Given two different music representations, typical music alignment approaches proceed in two steps. In the first step, the two representations are transformed into sequences of suitable features. In general, such feature representations need to find a compromise between two conflicting goals. On the one hand, features should show a large degree of robustness to variations that are to be left unconsidered for the task at hand. On the other hand, features should capture enough characteristic information to accomplish the given task. For music alignment, one often uses chroma-based features (also called chromagrams or pitch class profiles), which capture harmonic and melodic characteristics of music, while being robust to changes in timbre and instrumentation, are being used.

In the second step, the derived feature sequences have to be brought into (temporal) correspondence. To this end, techniques related to dynamic time warping (DTW) or hidden Markov models (HMMs) are used to compute an optimal alignment between two given feature sequences.

==Related tasks==
Music alignment and related synchronization tasks have been studied extensively within the field of music information retrieval. In the following, we give some pointers to related tasks. Depending upon the respective types of music representations, one can distinguish between various synchronization scenarios. For example, audio alignment refers to the task of temporally aligning two different audio recordings of a piece of music. Similarly, the goal of score–audio alignment is to coordinate note events given in the score representation with audio data. In the offline scenario, the two data streams to be aligned are known prior to the actual alignment. In this case, one can use global optimization procedures such as dynamic time warping (DTW) to find an optimal alignment. In general, it is harder to deal with scenarios where the data streams are to be processed online. One prominent online scenario is known as score following, where a musician is performing a piece according to a given musical score. The goal is then to identify the currently played musical events depicted in the score with high accuracy and low latency. In this scenario, the score is known as a whole in advance, but the performance is known only up to the current point in time. In this context, alignment techniques such as hidden Markov models or particle filters have been employed, where the current score position and tempo are modeled in a statistical sense. As opposed to classical DTW, such an online synchronization procedure inherently has a running time that is linear in the duration of the performed version.

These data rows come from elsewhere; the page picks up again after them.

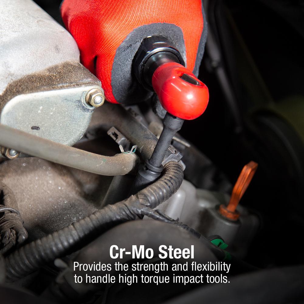 Cr-Mo steel sockets provide the strength and flexibility to handle high torque impact tools
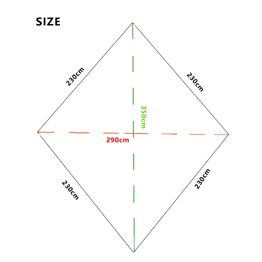 Вес: около 600 гРазмер: 350х290смМатериал: 210t клетчатая тканьУровень водонепроницаемости: более 3000 ммПосылка включает в себя: 1 брезент, 4 веревки, 2 колышка, 1 мешок, не включает опорные палкиХарактеристики: Защита от УФ-лучей, водонепроницаемость (герметичный шов), защита от ветра
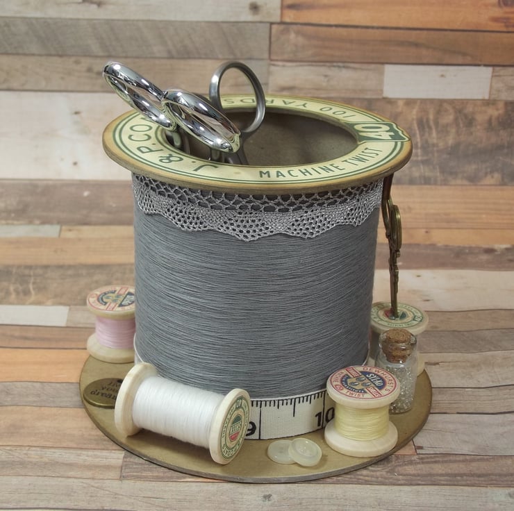 These cotton reel pots are made from very thick board, with proper cotton thread wrapped tightly around them, giving them that authentic "bobbin" appearance. I have decorated the base with "all things cottony" including smaller filled cotton reels, loose buttons and an antique gold coloured pair of sewing scissors' ... just like Granny's old sewing box ..... a delightful gift for the "sewer and stitcher" in the family.

However, as a main disadvantage, an online strategy is very sensitive to local tempo variations and deviations from the score - once the procedure is out of sync, it is very hard to recover and return to the right track. A further online synchronization problem is known as automatic accompaniment. Having a solo part played by a musician, the task of the computer is to accompany the musician according to a given score by adjusting the tempo and other parameters in real time. Such systems were already proposed some decades ago.